Qui pourrait deviner que pendant que vous regardez quelqu'un, une autre personne vous observe discrètement avec un sourire froid ?
...
Xu Zhengyang n'avait aucune envie d'assister à une pièce de théâtre, ni d'en mettre une en scène, et encore moins de se comporter comme un singe se produisant pour les autres, en sautillant sur scène.
Il était loin de se douter que tant de gens lui prêteraient attention.

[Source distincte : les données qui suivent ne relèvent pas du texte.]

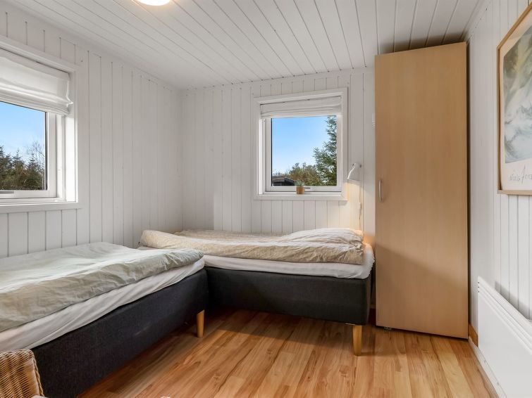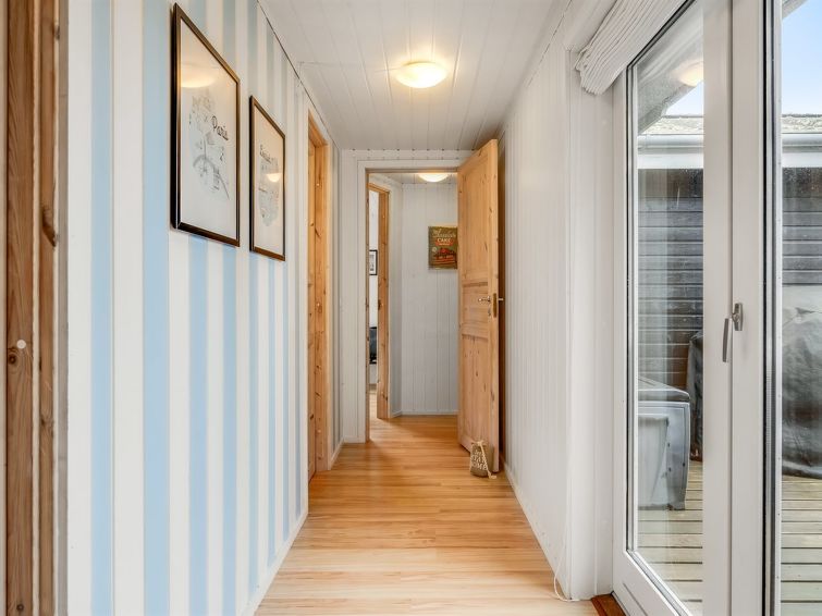 Blokhus: Enmannsbolig, bygget i 1966. 1.7 km fra sjøen. Privat: uberørt tomt 2'500 m2. Terrasse (90 m2), lekeplass (huske). I huset: badstu, vaskemaskin. Daglivarehandel 1.1 km. Eieren godtar ikke noen ungdomsgrupper.

Le fait qu'il soit le nouveau gendre de la famille Li, et que son apparition soit si discrète… Est-ce vraiment si facile d'être le gendre de la famille Li
?
La faction Li était déjà en proie à de profondes turbulences lorsque Xu Zhengyang fit son apparition en tant que gendre légitime. À un moment aussi critique, pourquoi auraient-ils encore le cœur à organiser un tel mariage
? N'est-ce pas là un simple ajout au chaos
? Et bien sûr, cela ne fait qu'attiser les inquiétudes et les soupçons des autres factions.
Les frères, Li Ruiyu et Li Ruiqing, restèrent calmes et silencieux.
Quoi qu'il arrive, si la vérité éclate et qu'il devient impossible de dissimuler plus longtemps la vérité, Xu Zhengyang deviendra un atout majeur pour la famille Li. Cependant, celle-ci souhaite à tout prix préserver la véritable identité de Xu Zhengyang, sauf en cas d'absolue nécessité.
Hôpital central d'Anping.
Xu Zhengyang se tenait devant la salle des urgences, le visage impassible.
Outre la colère, une peur persistante l'habitait. Imaginez un peu : que se serait-il passé si ce coup, cette unique balle, avait atteint Xu Zhengyang à la tête ? La main droite de Xu Zhengyang était crispée, sous l'effet de la colère ou de la tension, et ses doigts tremblaient légèrement lorsqu'il les tendit.
Tout au long de son parcours, Xu Zhengyang, malgré sa force absolue, craignait constamment qu'un jour un événement soudain et hors de son contrôle ne lui ôte la vie, faisant de lui le dieu le plus tragique de l'histoire.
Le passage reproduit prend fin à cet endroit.